Please stop calling databases CP or AP
Published by Martin Kleppmann on 11 May 2015.
In his excellent blog post Notes on Distributed Systems for Young Bloods, Jeff Hodges
recommends that you use the CAP theorem to critique systems. A lot of people have taken
that advice to heart, describing their systems as “CP” (consistent but not available under network
partitions), “AP” (available but not consistent under network partitions), or sometimes “CA”
(meaning “I still haven’t read Coda’s post from almost 5 years ago”).
I agree with all of Jeff’s other points, but with regard to the CAP theorem, I must disagree. The
CAP theorem is too simplistic and too widely misunderstood to be of much use for characterizing
systems. Therefore I ask that we retire all references to the CAP theorem, stop talking about the
CAP theorem, and put the poor thing to rest. Instead, we should use more precise terminology to
reason about our trade-offs.
(Yes, I realize the irony of writing a blog post about the very topic that I am asking people to
stop writing about. But at least it gives me a URL that I can give to people when they ask why
I don’t like them talking about the CAP theorem. Also, apologies if this is a bit of a rant, but
at least it’s a rant with lots of literature references.)
CAP uses very narrow definitions
If you want to refer to CAP as a theorem (as opposed to a vague hand-wavy concept in your
database’s marketing materials), you have to be precise. Mathematics requires precision. The proof
only holds if you use the words with the same meaning as they are used in the proof.

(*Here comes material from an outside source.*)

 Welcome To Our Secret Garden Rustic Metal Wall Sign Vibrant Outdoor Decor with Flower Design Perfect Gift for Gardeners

And the proof uses very particular definitions:
Consistency in CAP actually means linearizability, which is a very specific (and very
strong) notion of consistency. In particular it has got nothing to do with the C in ACID, even
though that C also stands for “consistency”. I explain the meaning of linearizability below.
Availability in CAP is defined as “every request received by a non-failing [database] node in
the system must result in a [non-error] response”. It’s not sufficient for some node to be able
to handle the request: any non-failing node needs to be able to handle it. Many so-called
“highly available” (i.e. low downtime) systems actually do not meet this definition of
Partition Tolerance (terribly mis-named) basically means that you’re communicating over an
asynchronous network that may delay or drop messages. The internet and all our
datacenters have this property, so you don’t really have any choice in this
Also note that the CAP theorem doesn’t just describe any old system, but a very specific model of
The CAP system model is a single, read-write register – that’s all. For example, the CAP theorem
says nothing about transactions that touch multiple objects: they are simply out of scope of the
theorem, unless you can somehow reduce them down to a single register.

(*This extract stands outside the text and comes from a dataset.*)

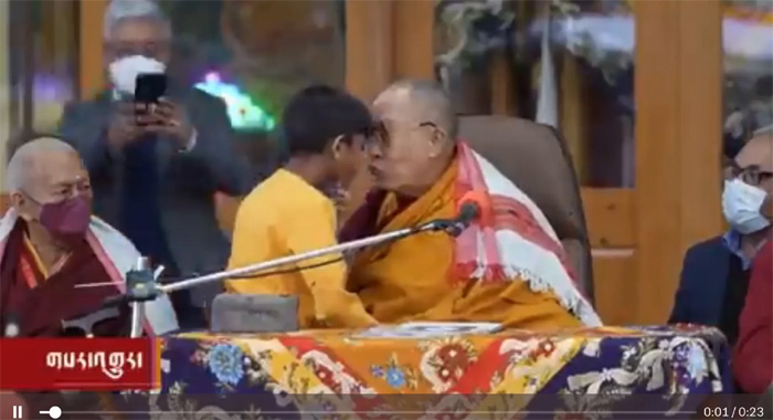 The video, which has gone viral on social media, shows the Dalai Lama planting a kiss on the boy’s lips when he leaned in to pay respect to the spiritual leader.

The only fault considered by the CAP theorem is a network partition (i.e. nodes remain up, but
the network between some of them is not working). That kind of fault absolutely
does happen, but it’s not the only kind of thing that can go wrong: nodes can
crash or be rebooted, you can run out of disk space, you can hit a bug in the software, etc. In
building distributed systems, you need to consider a much wider range of trade-offs, and focussing
too much on the CAP theorem leads to ignoring other important issues.
Also, the CAP theorem says nothing about latency, which people tend to care about more
than availability. In fact, CAP-available systems are allowed to be arbitrarily slow to respond,
and can still be called “available”. Going out on a limb, I’d guess that your users wouldn’t call
your system “available” if it takes 2 minutes to load a page.

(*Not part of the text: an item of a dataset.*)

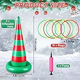 Complete Christmas Toss Game Set: you will receive 5 inflatable Christmas elf hats, 10 inflatable toss rings in 3 color and 1 7-inch hand pump; Whether it is a family gathering or a friend's party, it can allow multiple people to participate at the same time, and add laughter and joy to your festivities Christmas Design: this Christmas party game features a Classic red and green stripe pattern, which looks like a cute elf suddenly appears to join the party; Whether you are at home or at a party, every time you throw the ring, it seems to interact with the elf, perfectly capturing the festive atmosphere of Christmas, and Create unforgettable memories Easy to Use: our inflatable Christmas game is easy to use, just use the included pump to inflate and place on a flat surface, then you can throw the ring, it can be inflated and deflated at any time, easy to store and carry; The size of the Elf hat is about 9.84 x 19.69 inches, and the diameter of the ring after inflating is about 7.09 inches Reliable Material: the Christmas party toss game set is made of PVC material, which is sturdy and long lasting use, non-toxic and odorless, safe and skin-friendly; Whether you are planning a Christmas themed game night or hosting an indoor Christmas activity for kids, this toss inflatable elf hat game is an incredible choice Applicable Occasions: our Christmas ring toss game is suitable for Christmas parties, family gatherings, office celebrations or festive backyard activities; The classic ring toss game encourages friendly competition among guests of all ages, adding fun and interaction to your Christmas celebrations; Share the festive fun with friends and family this holiday season

If your use of words matches the precise definitions of the proof, then the CAP theorem applies to
you. But if you’re using some other notion of consistency or availability, you can’t expect the CAP
theorem to still apply. Of course, that doesn’t mean you can suddenly do impossible things, just by
redefining some words! It just means that you can’t turn to the CAP theorem for guidance, and you
cannot use the CAP theorem to justify your point of view.
If the CAP theorem doesn’t apply, that means you have to think through the trade-offs yourself. You
can reason about consistency and availability using your own definitions of those words, and you’re
welcome to prove your own theorem. But please don’t call it CAP theorem, because that name is
In case you’re not familiar with linearizability (i.e. “consistency” in the CAP sense), let me
explain it briefly. The formal definition is not entirely straightforward, but
the key idea, stated informally, is this:
If operation B started after operation A successfully completed, then operation B must see the
the system in the same state as it was on completion of operation A, or a newer state.
To make this more tangible, consider an example of a system that is not linearizable. See the
following diagram (sneak preview from an unreleased chapter of my book):
This diagram shows Alice and Bob, who are in the same room, both checking their phones to see the
outcome of the 2014 football world cup final. Just after the final score is announced,
Alice refreshes the page, sees the winner announced, and excitedly tells Bob about it. Bob
incredulously hits reload on his own phone, but his request goes to a database replica that is
lagging, and so his phone shows that the game is still ongoing.
If Alice and Bob had hit reload at the same time, it wouldn’t have been surprising if they had got
two different query results, because they don’t know at exactly what time their respective requests
were processed by the server. However, Bob knows that he hit the reload button (initiated his query)
after he heard Alice exclaim the final score, and therefore he expects his query result to be at
least as recent as Alice’s. The fact that he got a stale query result is a violation of
Knowing that Bob’s request happened strictly after Alice’s request (i.e. that they were not
concurrent) depends on the fact that Bob heard about Alice’s query result through a separate
communication channel (in this case, IRL audio). If Bob hadn’t heard from Alice that the game was
over, he wouldn’t have known that the result of his query was stale.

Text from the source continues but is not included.